Although your letter didn’t mention Black Lives Matter by name, I assume you count yourself among its ardent supporters. I unequivocally agree that the lives of black people matter, but do not support BLM, a violent communist organization hiding behind the noble cause of racial justice while actively participating in the destruction of $2 billion of public and private property in nearly 200 U.S. cities, injuring some 700 law enforcement officers in the process, including some who were murdered by rioters.

I do not support an organization that engages in hate speech: “F*** the Police!” and “What do we want? Dead cops! When do we want it? Now!”

I do not support an organization that goes nuclear over occasional instances when an unarmed black person is killed by a white cop, but says nothing as thousands of black people are murdered each year by other black people, with most victims meeting their maker in cities that have been under continuous control of the same political party for the last half-century. Maybe it’s not occurred to you, but the greatest danger black people face in contemporary America is living in a Democrat-run city.
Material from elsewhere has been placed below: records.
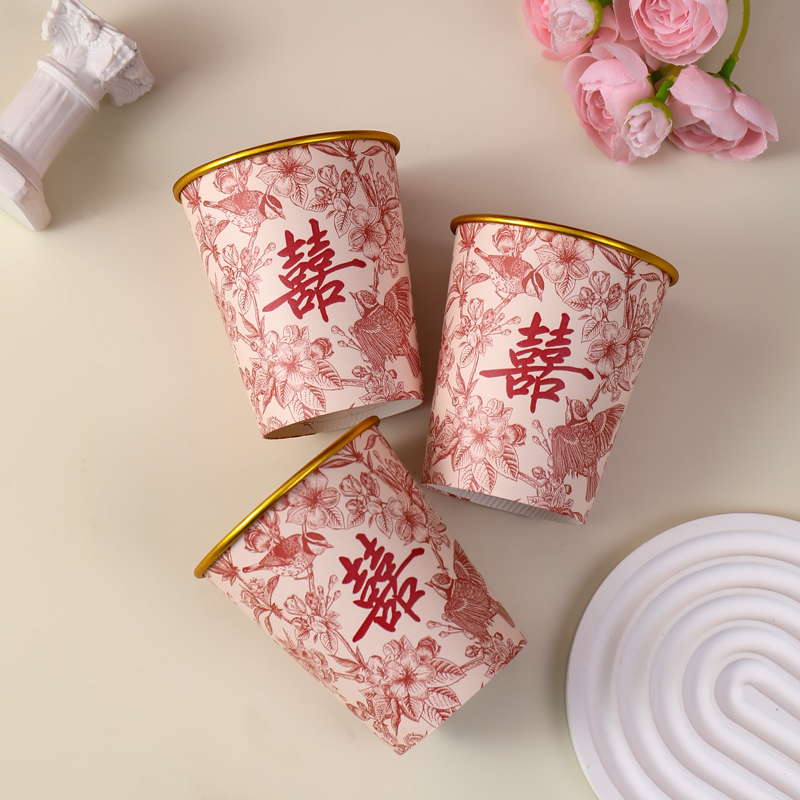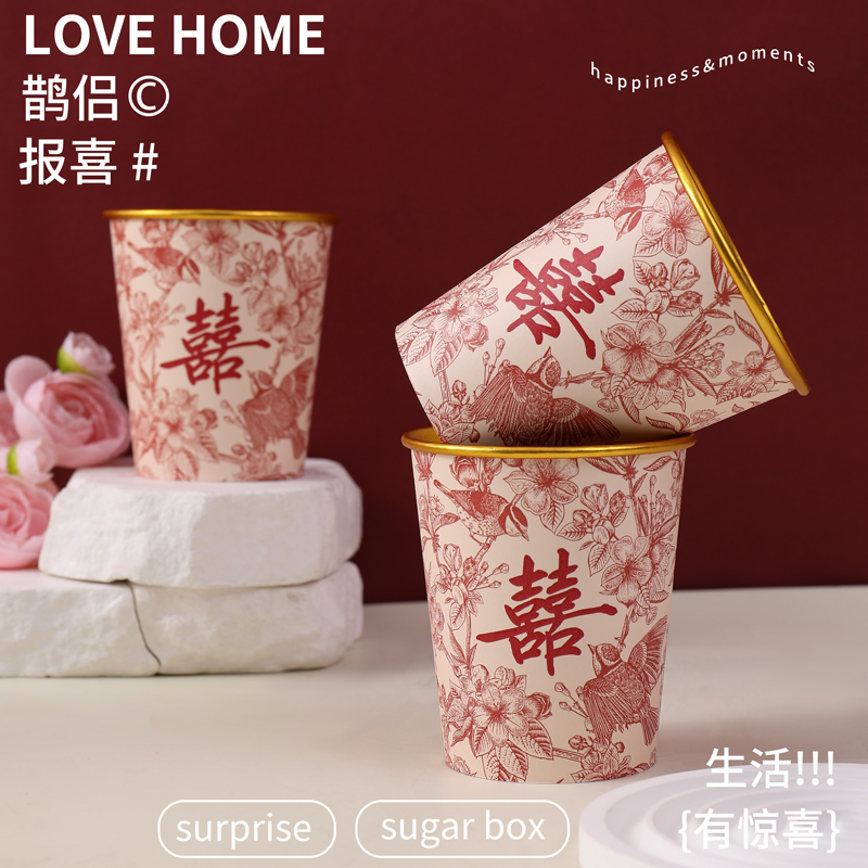 结婚一次性纸杯订婚纸杯家用婚宴加厚喜字杯婚礼用品家用敬茶杯
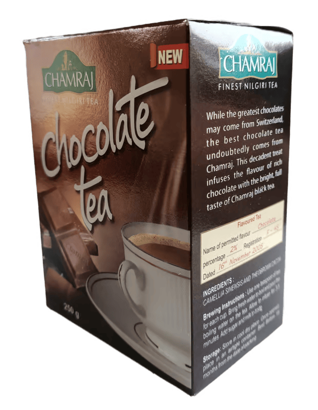 Tea Origin: The black tea used in this blend is typically sourced from the Chamraj Tea Estate in the Nilgiri Hills, known for producing high-quality teas with a distinctive flavor profile. The chocolate infusion adds a luxurious twist to the traditional black tea.
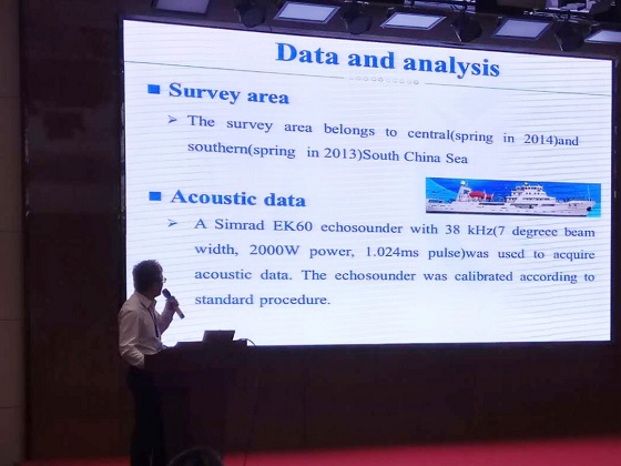 与会专家围绕声学技术(SGAT)、理论与目标强度(SGTS)、声学探测(SGES)、声学应用(SGAA)、生态系监测(SGEM)等主要议题展开学术探讨。张俊在会上以“A preliminary study on NASC and distribution of mesopelagic fishes in the central-southern area of South China Sea”为题作了英文报告,介绍了中层鱼类在大洋生态系统中重要意义及其在南海的资源状况,并从南海中层鱼类的空间分布及其季节和昼夜变化规律、资源密度及其纬度差异、昼夜垂直迁移特征等方面交流了近年来南海中层鱼类的研究结果?/P>
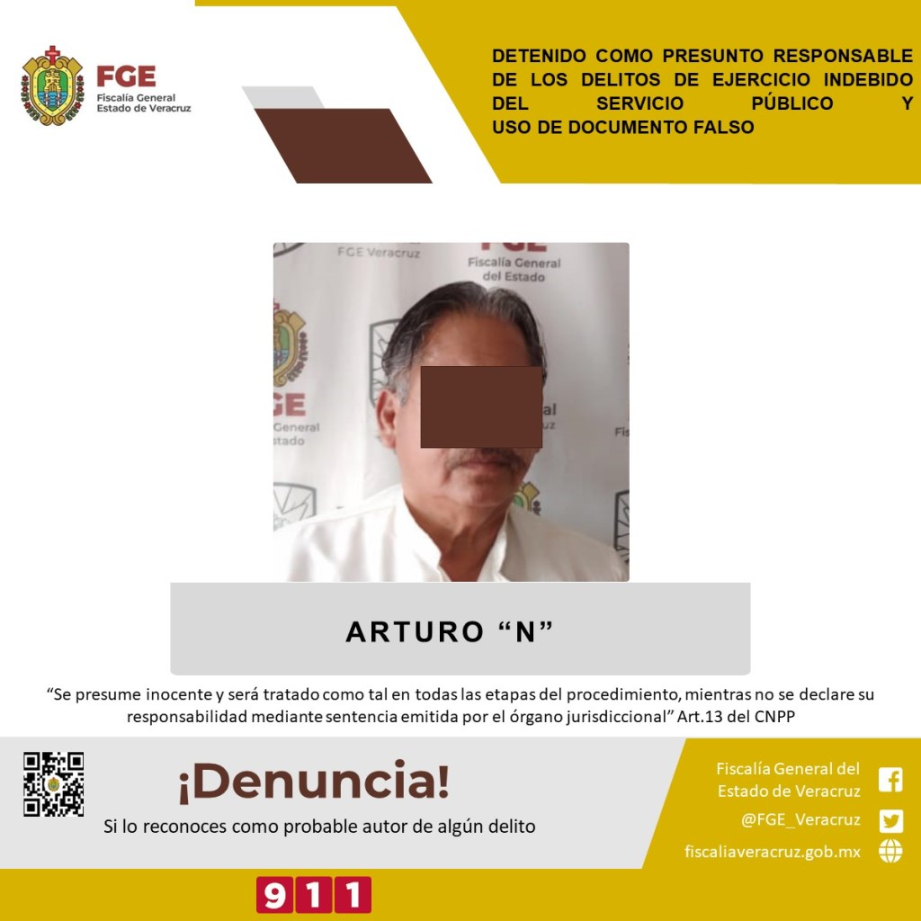 Xalapa, Ver., 18 de agosto del 2023.- La Fiscalía General del Estado informa, que elementos de la Policía Ministerial, adscritos a la Fiscalía Especializada en Combate a la Corrupción, cumplimentaron orden de aprehensión en contra de Arturo “N”, como presunto responsable de los delitos de ejercicio indebido del servicio público y uso de documento falso, cometidos en el año 2019, cuando fungía como presidente municipal de Ángel R. Cabada.
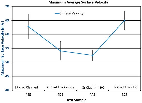 Figure 7 shows the resulting maximum surface velocities obtained for the LANL variable contamination specimens. The reference specimen is 4E5 with the Zr coating that was cleaned using typical procedures prior to HIPing. The contaminated samples 4D5 and 4A5 show some interface strength degradation, which might be expected. Sample 3C5 with a thick hydrocarbon layer shows a slight increase in interface strength with respect to reference specimen 4E5. These results also suggest that surface preparation has minimal effect on bond strength. Although the increase in the interface strength is not statistically significant, it is interesting to note that the bulge testing performed at LANL on specimens taken from the same fuel plates also shows the thick hydrocarbon sample having the highest interface fracture energy [

I do not support an organization that has indoctrinated millions of black citizens to believe, incorrectly, that the number of police killings of unarmed black people is skyrocketing. In fact, according to FBI crime data, such killings are rare, so much so that the chance of an unarmed black suspect being killed by the police is less than the chance of a U.S. citizen being killed by lightning.
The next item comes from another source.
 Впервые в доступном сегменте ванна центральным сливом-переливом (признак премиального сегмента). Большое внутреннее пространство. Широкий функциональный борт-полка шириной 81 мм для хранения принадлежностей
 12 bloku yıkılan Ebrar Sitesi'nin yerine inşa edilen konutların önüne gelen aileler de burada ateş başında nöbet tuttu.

Nearly all police-caused deaths of unarmed black people occur during encounters with combative suspects. That’s what happened with Michael Brown (Ferguson), Eric Garner (NYC), Freddie Gray (Baltimore), George Floyd (Minneapolis) and Rayshard Brooks (Atlanta). And just last month, Jason Blake (Kenosha) was shot while resisting arrest.

If Black Lives Matter wanted to reduce the number of unarmed black people killed by police, instead of burning cities down it would saturate the African American community with a simple message that applies to people of all races: when stopped by the police, do not resist. But BLM’s overriding goal is not reducing police killings of unarmed black people. That’s merely a distracting sideshow to obscure it its foremost objective: upending America’s two-party capitalist system.

Finally, President Eisgruber, and I do not say this to be mean, but your letter to the Princeton community comes across to me as one of the most over the top instances of progressive virtue signaling I’ve ever seen. If you sincerely believe that systemic racism is real, you have a chance to do something dramatic that would quickly remedy a glaring instance of actual racial inequity. As you know, the president of every Ivy League school is white. If you really believe systemic racism is holding black people down, you can set an example for all of academia by resigning as Princeton’s leader and demanding (1) that your lofty position be given to a black person, and (2) that the presidents of every other Ivy League school do the same. Of course, you won’t do that, and neither will the others. As Stokely Carmichael observed, “What the white liberal really wants is to bring about change that will not in any way endanger his own position.”

Respectfully,

John Eidson
Atlanta, GA

Your letter characterizes alleged police killings of George Floyd (Minneapolis), Breonna Taylor (Louisville), and Rayshard Brooks (Atlanta) as “unjust.” Given that those cases have yet to be adjudicated, and given the political left’s propensity for inciting racial violence at the drop of a hat, publishing such rushes-to-judgment on Princeton’s website is, I believe, grossly irresponsible.